Economics professor Rahmat Ghafmi from Airlangga University has indicated that the World Bank's reduction of Indonesia's economic growth forecast from 4.8% to 4.7% serves as a warning for the government to enhance growth mechanisms. This adjustment comes amid challenging economic conditions that require effective responses.
Ghafmi pointed out that this adjustment reflects a harsh reality facing the Indonesian economy, particularly in light of escalating geopolitical tensions between Iran, Israel, and the United States. He added that the decline in household consumption is one of the main factors affecting these forecasts.
Details of the Economic Situation
Households contribute over 50% of the Gross Domestic Product (GDP) and have been under significant pressure on their purchasing power, negatively impacting retail sales and car sales. At the same time, the prices of essential goods continue to rise without a corresponding increase in real wages.
Tight monetary policies, including rising interest rates, are also affecting economic activity. High borrowing costs make investors and entrepreneurs more cautious, hindering growth.
Background & Context
Historically, Indonesia has experienced notable economic growth; however, current challenges necessitate new strategies. Geopolitical tensions and the global economic recession significantly impact demand from key trading partners such as China.

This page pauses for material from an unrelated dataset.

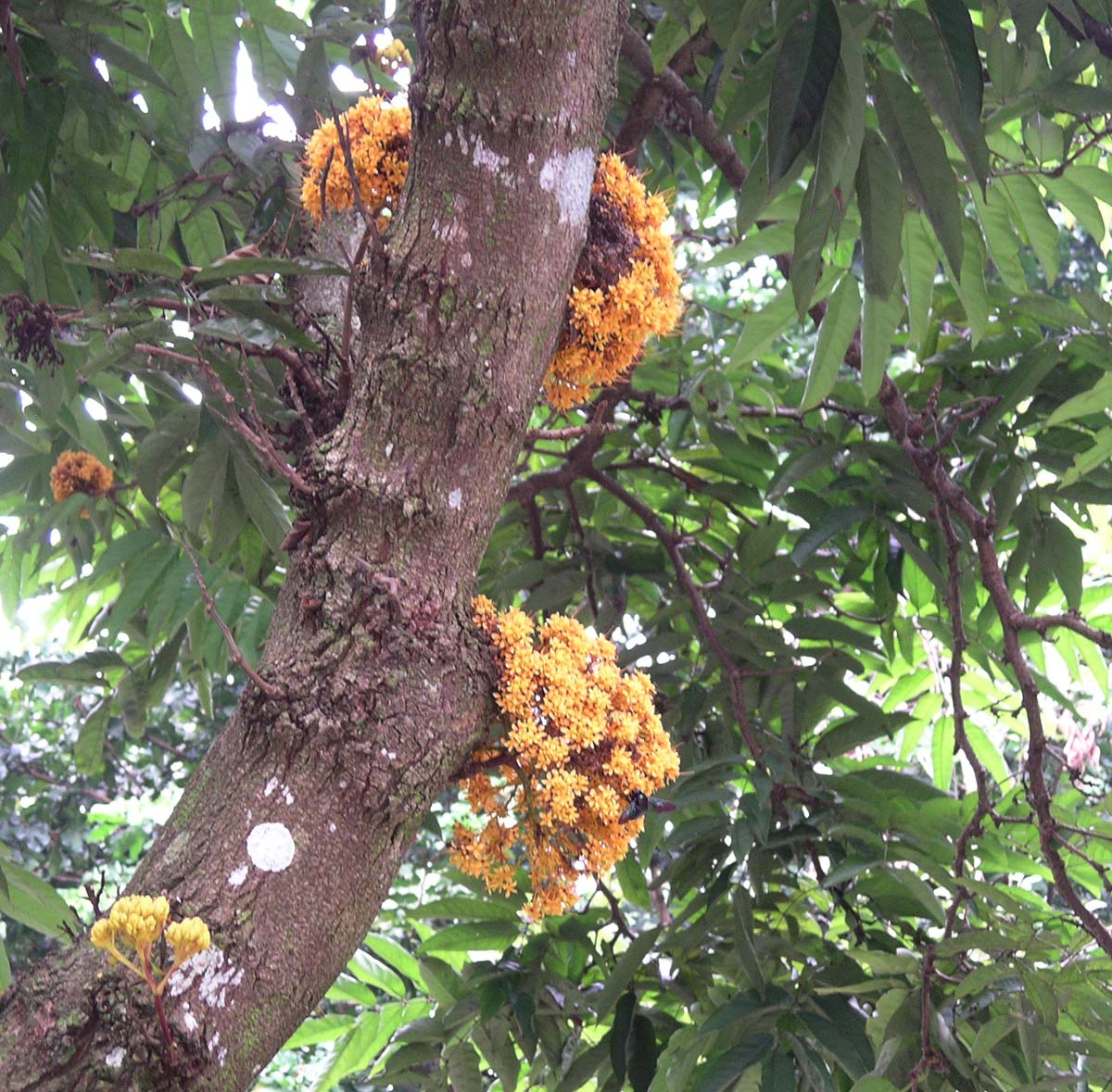 Saraca cauliflora flowering in a Singapore park

Ghafmi considers this reduction a warning to the government that traditional growth is beginning to lose its strength, necessitating new incentives to support the purchasing power of the middle and lower classes.
Impact & Consequences
The current conditions require a swift response from the government to bolster growth. Ghafmi notes that achieving a growth target above 5% remains possible by improving performance in several sectors.
One of these sectors is manufacturing, which represents about 19-20% of GDP, where it must grow at a rate higher than the overall economic growth to achieve the desired goals.
Regional Significance
The implications of these economic forecasts extend beyond Indonesia, affecting regional markets and trade dynamics. The decline in growth could influence trade and investment relations between Indonesia and Arab countries.
In conclusion, these forecasts serve as indicators of the challenges facing the Indonesian economy, requiring a rapid government response to ensure stable growth.